Table10_A glycosylation risk score comprehensively assists the treatment of bladder neoplasm in the real-world cohort, including the tumor microenvironment, molecular and clinical prognosis.XLSX

Background: Bladder cancer is a common urological cancer associated high significant morbidity and mortality rates. Immunotherapy has emerged as a promising treatment option, although response rates vary among patients. Glycosylation has been implicated in tumorigenesis and immune regulation. However, our current comprehensive understanding of the role of glycosylation in bladder cancer and its clinical implications is limited. Methods: We constructed a training cohort based on the downloaded TCGA-BLCA dataset, while additional datasets (Xiangya cohort, GSE32894, GSE48075, GSE31684, GSE69795 and E-MTAB-1803) from Xiangya hospital, GEO and ArrayExpress database were obtained and used as validation cohorts. To identify glycosylation-related genes associated with prognosis, univariate Cox regression and LASSO regression were performed. A Cox proportional hazards regression model was then constructed to develop a risk score model. The performance of the risk score was assessed in the training cohort using Kaplan-Meier survival curves and ROC curves, and further validated in multiple validation cohorts. Results: We classified patients in the training cohort into two groups based on glycosylation-related gene expression patterns: Cluster 1 and Cluster 2. Prognostic analysis revealed that Cluster 2 had poorer survival outcomes. Cluster 2 also showed higher levels of immune cell presence in the tumor microenvironment and increased activation in key steps of the cancer immune response cycle. We developed an independent prognostic risk score (p < 0.001) and used it to construct an accurate prognostic prediction nomogram. The high glycosylation risk score group exhibited higher tumor immune cell infiltration, enrichment scores in immune therapy-related pathways, and a tendency towards a basal subtype. Conversely, the low-risk score group had minimal immune cell infiltration and tended to have a luminal subtype. These findings were consistent in our real-world Xiangya cohort. Conclusion: This multi-omics glycosylation score based on these genes reliably confirmed the heterogeneity of bladder cancer tumors, predicted the efficacy of immunotherapy and molecular subtypes, optimizing individual treatment decisions.
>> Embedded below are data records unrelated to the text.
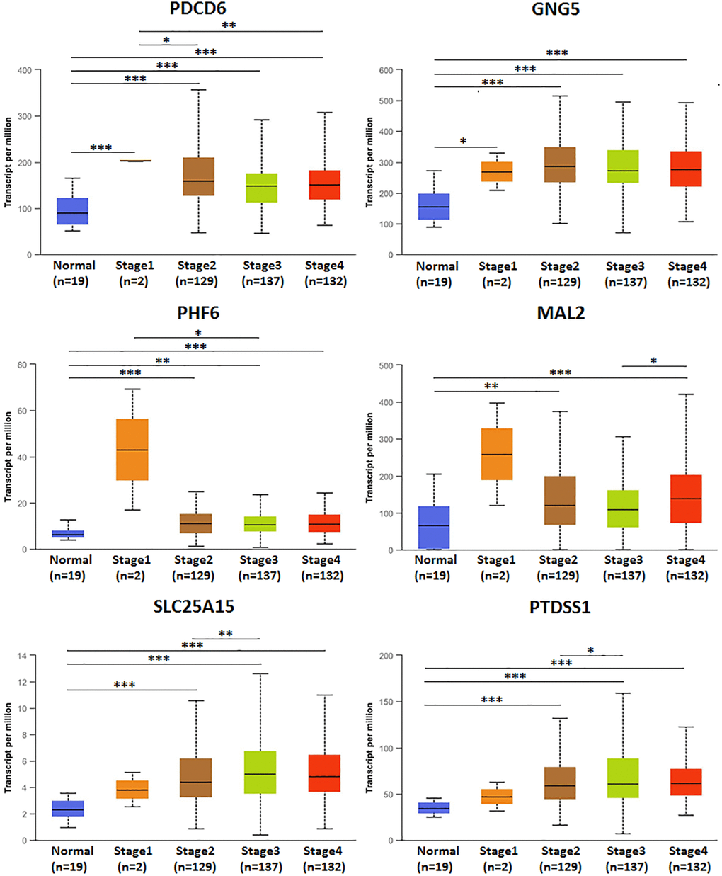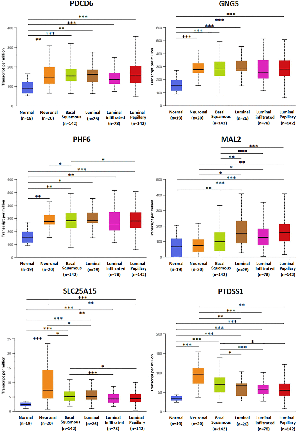 The association of mRNA expression of predicted target genes (PDCD6, GNG5, PHF6, MAL2, SLC25A15, PTDSS1) with clinicopathological parameters of BLCA patients were analyzed by UALCAN, containing BLCA individual cancer stages and molecular subtypes (Figures 8 and 9). Figure 8 showed that the mRNA expression of predicted target genes (PDCD6, GNG5, PHF6, MAL2, SLC25A15, PTDSS1) were significantly correlated with BLCA individual cancer stages. PDCD6, GNG5, PHF6 and MAL2 as favorable factor for BLCA patients, the high mRNA expressions of them tended to be in stage 1 or 2, whereas the high mRNA expressions of unfavorable factor of SLC25A15 and PTDSS1 tended to be in stage 3 or 4. Similarly, Figure 9 showed that the mRNA expression of predicted target genes (PDCD6, GNG5, PHF6, MAL2, SLC25A15, PTDSS1) were significantly correlated with BLCA molecular subtypes. The high mRNA expressions of PDCD6, GNG5, PHF6 and MAL2 tended to be the molecular subtypes of luminal and luminal papillary, whereas the high mRNA expressions of SLC25A15 and PTDSS1 tended to be the molecular subtypes of neuronal and basal squamous.
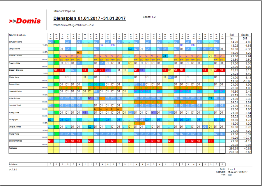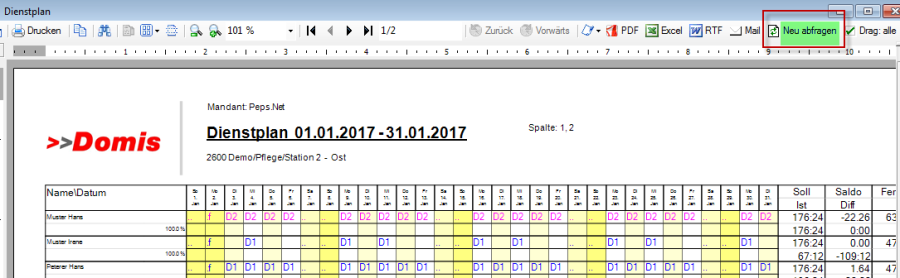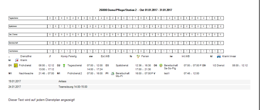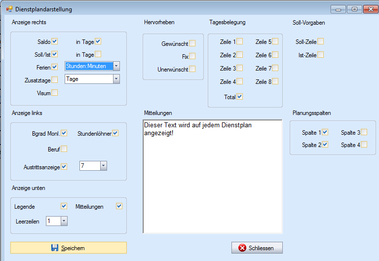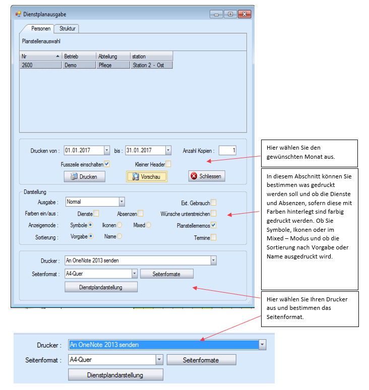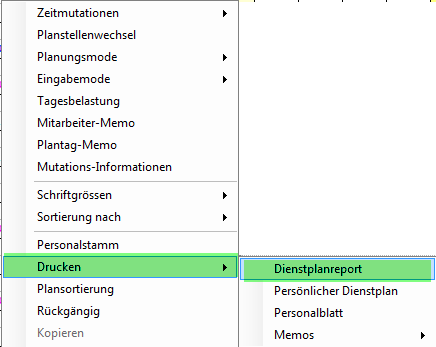 NEXUS / PEPS NEXUS / PEPS - Handbücher Handbuch Memos Current: Plantafel ausdrucken Plantafel ausdrucken Mit einem Klick mit der rechten Maustaste in der Plantafel öffnet sich Ihnen folgendes Dialogfeld: Es öffnet sich die Vorschau des Dienstplans der aktuellen Planstelle und des aktuellen Monats. Mit der Schaltfläche „Neu abfragen" öffnen Sie das Druckdialogfeld. Unter der Dienstplandarstellung können Sie bestimmen was alles gedruckt werden soll. Hier legen Sie fest welche Spalten auf der rechten Seite angezeigt werden sollen. Sie können bestimmen wie die Spalten angezeigt werden sollen. In diesem Feld können Sie bestimmen ob die gewünschten, fixen und unerwünschten Dienste hervorgehoben werden sollen. (Agenda) Durch Haken setzen in den Kästchen können Sie auswählen welche Zeile vom Tagesbelegungstext gedruckt werden soll. In diesem Feld können Sie bestimmen ob die Soll – Vorgaben anstelle der Tagesbelegungstexte angezeigt werden In diesem Feld bestimmen Sie welche Informationen auf der linken Seite unter dem Namen angezeigt werden. Hier bestimmen Sie ob die Dienst-, Abwesenheiten-Legende und die Mitteilungen gedruckt werden. Hier bestimmen Sie welche Tagesspalten gedruckt werden sollen. Mit dieser Schaltfläche speichern Sie Ihre Einstellungen. ×
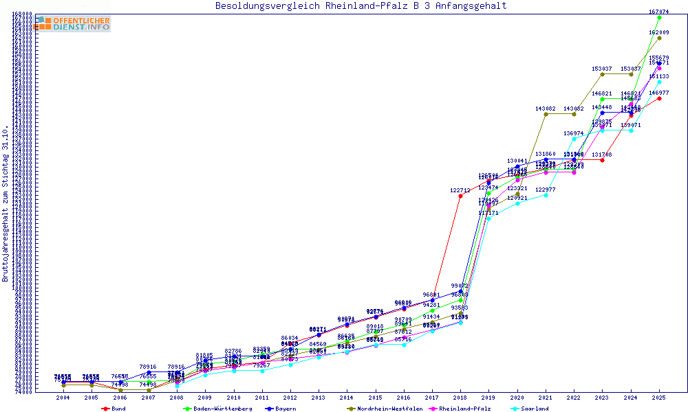 | Besoldungsvergleich B 3 im Jahr 2025 | gemitteltes Gehalt | ||||||
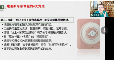 首先,岭南师范学院线上线下混合式国家级一流课程获得者刘海涛教授分享了自己《文学创意写作》国家级一流课程建设与申报的经验体会:一是从写作课程改革建设的基本出发点,指出了写作课教学面临的三大痛点,以及课程改革和教材编写经历的三大转型。二是提出了新时代新技术背景下的教改转型路径、建设新形态课程与教材的四大方法、新时代创意写作教师的修炼路径。三是课程成果以“慕课、音频课、专栏、论文、教材”全媒体出版。随后,刘海涛针对如何调动员工学习积极性、教材编写与一流课程教材选择等内容与学院老师进行了热情的互动交流。

背景：膀胱癌是一种常见的泌尿生殖系统恶性肿瘤，具有较高的发病率与死亡率。免疫治疗已成为极具潜力的治疗选择，但不同患者的应答率存在显著差异。糖基化（glycosylation）已被证实与肿瘤发生及免疫调控密切相关，然而当前学界对糖基化在膀胱癌中的作用及其临床意义的全面认知仍较为有限。 方法：本研究基于下载获取的癌症基因组图谱膀胱癌队列（TCGA-BLCA）数据集构建训练队列，并从湘雅医院、GEO数据库及ArrayExpress数据库获取额外数据集，包括湘雅队列（Xiangya cohort）、GSE32894、GSE48075、GSE31684、GSE69795及E-MTAB-1803，将其作为验证队列。为筛选与预后相关的糖基化相关基因，本研究开展单因素Cox回归及最小绝对收缩和选择算子（Least Absolute Shrinkage and Selection Operator，简称LASSO）回归分析，随后构建Cox比例风险回归模型以生成风险评分模型。本研究通过卡普兰-迈耶（Kaplan-Meier）生存曲线及受试者工作特征（Receiver Operating Characteristic，简称ROC）曲线在训练队列中评估该风险评分模型的性能，并在多组验证队列中进一步验证其有效性。 结果：本研究基于训练队列中糖基化相关基因的表达模式，将患者分为两个亚组：Cluster 1与Cluster 2。预后分析显示，Cluster 2组患者的生存结局更差。该组肿瘤微环境中的免疫细胞浸润水平更高，且肿瘤免疫应答循环关键步骤的激活程度更强。本研究构建了独立的预后风险评分模型（p < 0.001），并基于该评分生成了精准的预后预测列线图（nomogram）。高糖基化风险评分组患者的肿瘤免疫细胞浸润水平更高、免疫治疗相关通路富集评分更高，且更倾向于基底样分子亚型；反之，低风险评分组的免疫细胞浸润程度极低，更倾向于管腔型分子亚型。上述研究结果在本研究的真实世界湘雅队列中得到了一致验证。 结论：本研究基于上述基因构建的多组学糖基化评分模型，可有效确认膀胱癌的肿瘤异质性，预测免疫治疗应答效果及分子亚型，为个体化治疗决策提供优化依据。